Write again exactly the lines in the listing below, starting at the line with "Ронідазол 30 мг" and ending at the line with "网盘路径:/时光图书馆珍藏系列/书籍文件/老图书/《中华民国三十五年九月_平绥铁路概况》电子版合集.db | ||", both included. Pictures are not copied.

Records for this task
┌────────

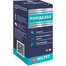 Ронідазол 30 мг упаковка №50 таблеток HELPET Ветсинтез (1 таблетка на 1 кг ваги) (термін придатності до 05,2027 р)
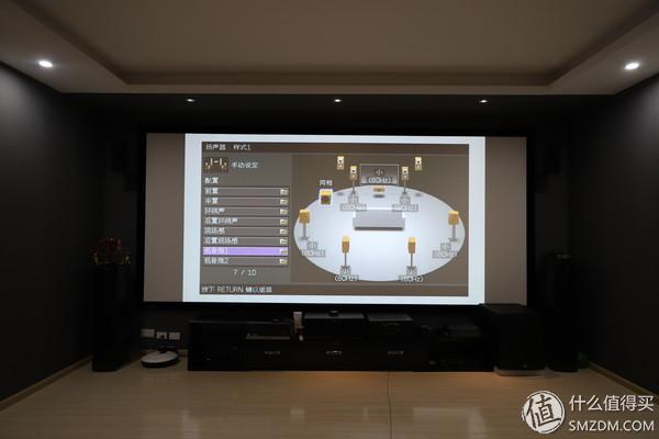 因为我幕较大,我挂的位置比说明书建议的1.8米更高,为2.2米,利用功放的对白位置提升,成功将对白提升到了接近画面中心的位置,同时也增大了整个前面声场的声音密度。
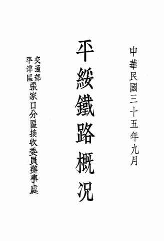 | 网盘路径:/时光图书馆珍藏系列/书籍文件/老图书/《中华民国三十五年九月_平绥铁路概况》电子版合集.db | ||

└────────
┌────────

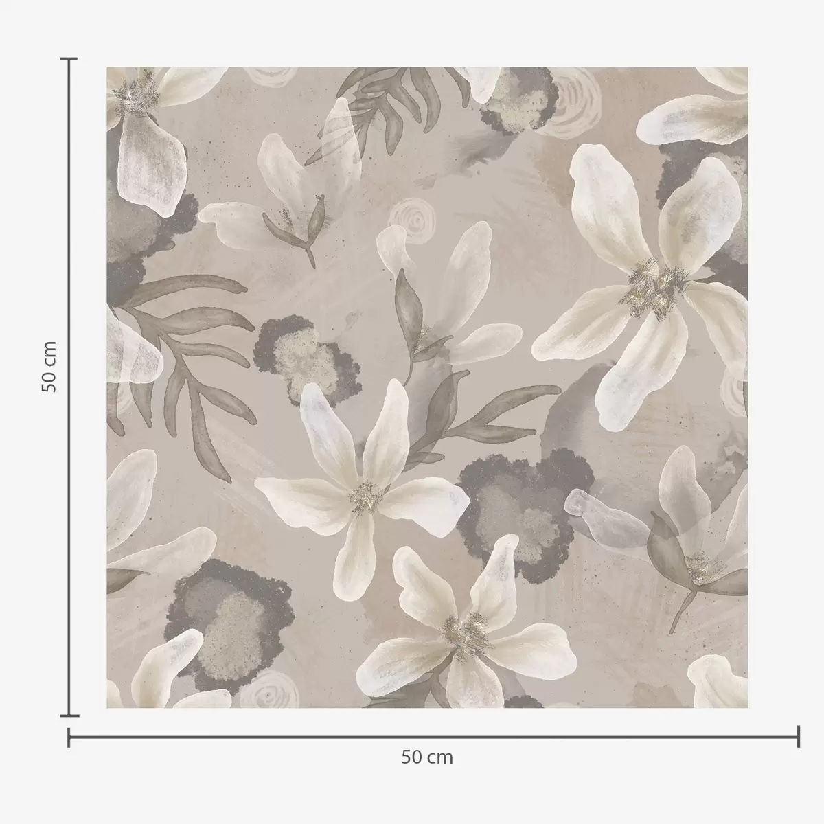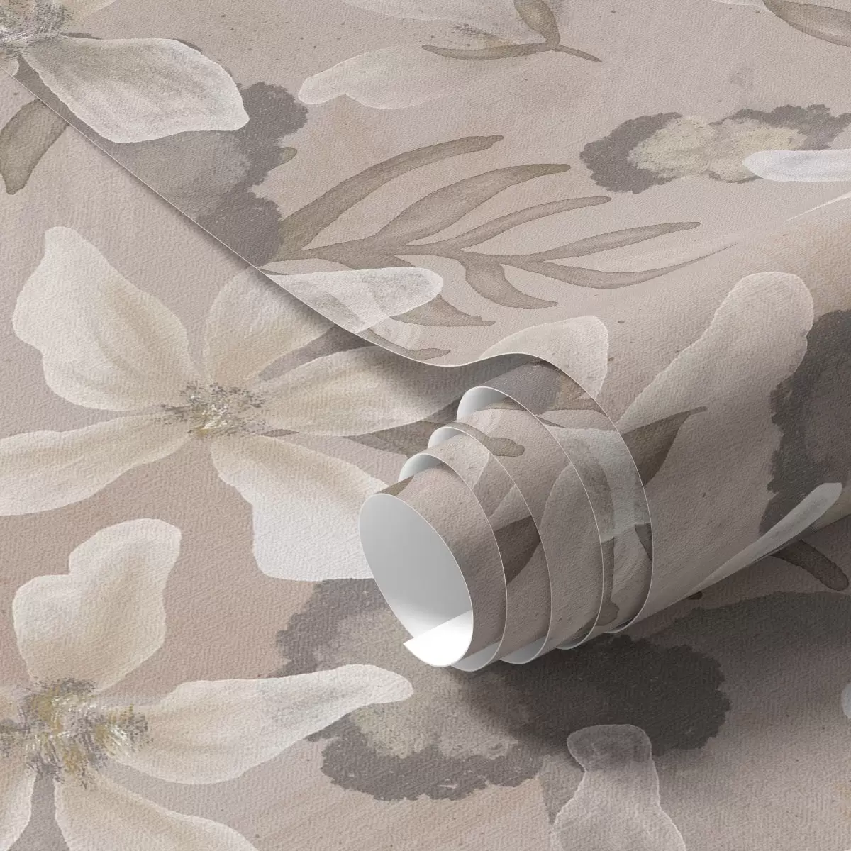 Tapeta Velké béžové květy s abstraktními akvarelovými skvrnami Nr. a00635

└────────

Completed task
 Ронідазол 30 мг упаковка №50 таблеток HELPET Ветсинтез (1 таблетка на 1 кг ваги) (термін придатності до 05,2027 р)
 因为我幕较大,我挂的位置比说明书建议的1.8米更高,为2.2米,利用功放的对白位置提升,成功将对白提升到了接近画面中心的位置,同时也增大了整个前面声场的声音密度。
 | 网盘路径:/时光图书馆珍藏系列/书籍文件/老图书/《中华民国三十五年九月_平绥铁路概况》电子版合集.db | ||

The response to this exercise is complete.